Я никогда об этом специально не думал, но мне показалось, что эпоха, когда отношения двух девушек, в которые вкралась эротика, назывались дружбой, гораздо интересней и сексуальней, чем время, стремящееся пригвоздить любой союз юных созданий, где присутствует телесность, - ярлыком сексуальной ориентации. И ведь это делают не окружающие. Окружающим-то кажется, что дружат девочки, нормально дружат, как и мы дружили, ну, с теми или иными допущениями, наших бабушек они возможно бы и напугали. Сексуально-ориентационные ярлыки используют сами подружки, наслаждающиеся своей инаковостью. Чес-слово, лучше б они наслаждались тайной и запретом.

(2)

…Позавчера мы смотрели «Калифорникейшен», пятый или шестой сезон, этот сезон я раньше не видел. Я нежно люблю этот сериал, - признаться стыдно, но надо. Там присутствует настроение, которое я больше всего ценю по жизни. Легкость, не исключающая глубины и не боящаяся банальности. Пространство этого фильма очень близко лежит к моему личному пространству, - с поправкой на климат, российскую суровую углубленность и неуверенность, плохие автомобили, алкоголь и заработки. Приятные и понятные мне персонажи совершают понятные и естественные поступки и делают это в рамках незамысловатого, однако победительно-счастливого сюжета, приправляя свои перемещения по экрану диалогами, способными позабавить и мертвеца, если он, разумеется, не депутат Мизулиномилонов и не протоиерей Смирновочаплин.

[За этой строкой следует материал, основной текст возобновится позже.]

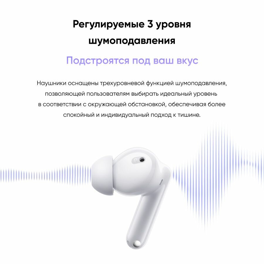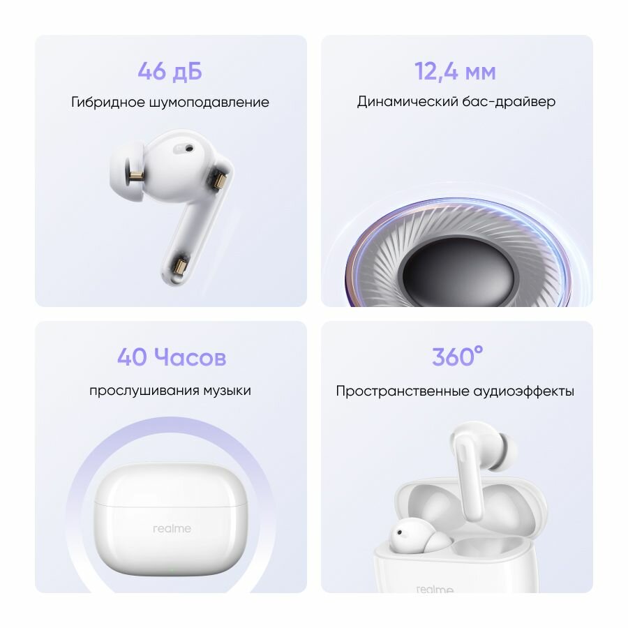 Оцените свободу движения без спутанных проводов и наслаждайтесь чистым и мощным звуком, который позволит вам погрузиться в любимую музыку, аудиокниги или подкасты. Realme Buds T310 обеспечивают комфортное ношение в течение длительного времени, благодаря эргономичной форме и легкому весу.
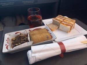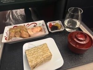 素晴らしいフルフラットシートでした、JAL万歳! 食事の画像はJALフライトで提供されたダイニングです。

И все же вот уже два дня я думаю, в чем основное отличие их американского кино от нашей русской жизни (под словом «наша» я имею в виду, конечно, себя и своих друзей, а не повседневное бытование в российском большом городе, которое вообще не вписывается в этот угол взгляда). То есть понятно, что кино – это условность, так никто не живет, там, если и возможен геморрой, то уж точно не будет ОРВИ и ветрянки. Но если сделать вычет этого обстоятельства, взять только драйв и настроение, к тому же предположить, что мое крайне ограниченное мировоззрение в каких-то вещах полностью совпадает со взглядом на вещи Хэнка Муди, то выяснится главное. Фильма-то простая до чертиков, и хотя герои ее движутся по времени, они совершенно лишены перспективы смерти. И это, видимо, особенность не только кино, где она совершенно естественна, но и всей американской повседневности, особенно в ЛА. Они там заранее покупают себе места на кладбище, показывают фотографии этих участков на вечеринках, между танцами и светскими беседами о политике и искусстве (реальный рассказ реальных свидетелей), но при этом ощущения сладостного ужаса посюстороннего бытия как-то лишены напрочь. У смерти существует своя юридическая и экономическая составляющая, не больше того. Ничего завораживающего. Чистый европеец, француз Паскаль Киньяр как-то опубликовал книгу «Секс и страх», где, как мне кажется, дал очень правдоподобную картинку человеческой участи у древних. У лучших американцев (мы не берем их фундаменталистов, консерваторов, противников абортов и просто обывателей, носителей повседневной правды общественного равновесия), так вот, у лучших американцев секс присутствует без страха, то есть окончательно снимается античное самоощущение. Мы здесь так не можем. То есть здесь это могут, конечно, но совсем другие люди, не такие, как, как я и Хэнк. Не прекрасные фланеры и разъебаи, а тупые и само-утверждающиеся горшки, обтянутые кожей, в мозгу которых кипят исключительно плоские инстинкты, знания, умения и навыки. Но о них мы не станем говорить в пять часов утра. А сейчас именно пять, и я отправляюсь в койку. Вставать через два часа.

(3)

Настя проснулась и сказала, что измерение смерти у Хэнка Муди все-таки есть. Там он напивается в баре, и ему наливает его мертвый друг-рок-н-ролльщик. Бар, - добавила Настя, - почти Валгалла под рок-н-ролльными небесами. А Валгаллу я люблю. Это едва ли не лучшая версия посмертья на мой взгляд. В общем, вспомнил я сцену. Так что все эти попытки цивилизационного разделения, которыми так любят баловаться иные наши современники, всегда лажа. Даже в моем случае. Впрочем, сейчас уже девять часов утра, и это располагает к более рациональному взгляду. А разница между нами и «Калифарникейшн», - на Настин взгляд, - в том, что у нас солнца меньше хуже и машины хуже. Но об этом я уже писал. Тогда, - добавила Настя, - там другой дресс-код. Девушки всегда накрашены, мохнатки моднее забриты, и все больше трахаются в бассейнах и на пляжах, в не среди ватных одеял. И еще, вне всяких сомнений, продюсеры и литагенты там более толковые и лучше выглядят. Я хотел добавить, что больше ебутся, но получил в ответ, что про «ебутся» не надо. Ведь мы не знаем, как ебутся несуществующие литагенты в своем пьяном интеллигентском небытии, - резюмировала моя подруга почти с садомазохистским причмокиванием.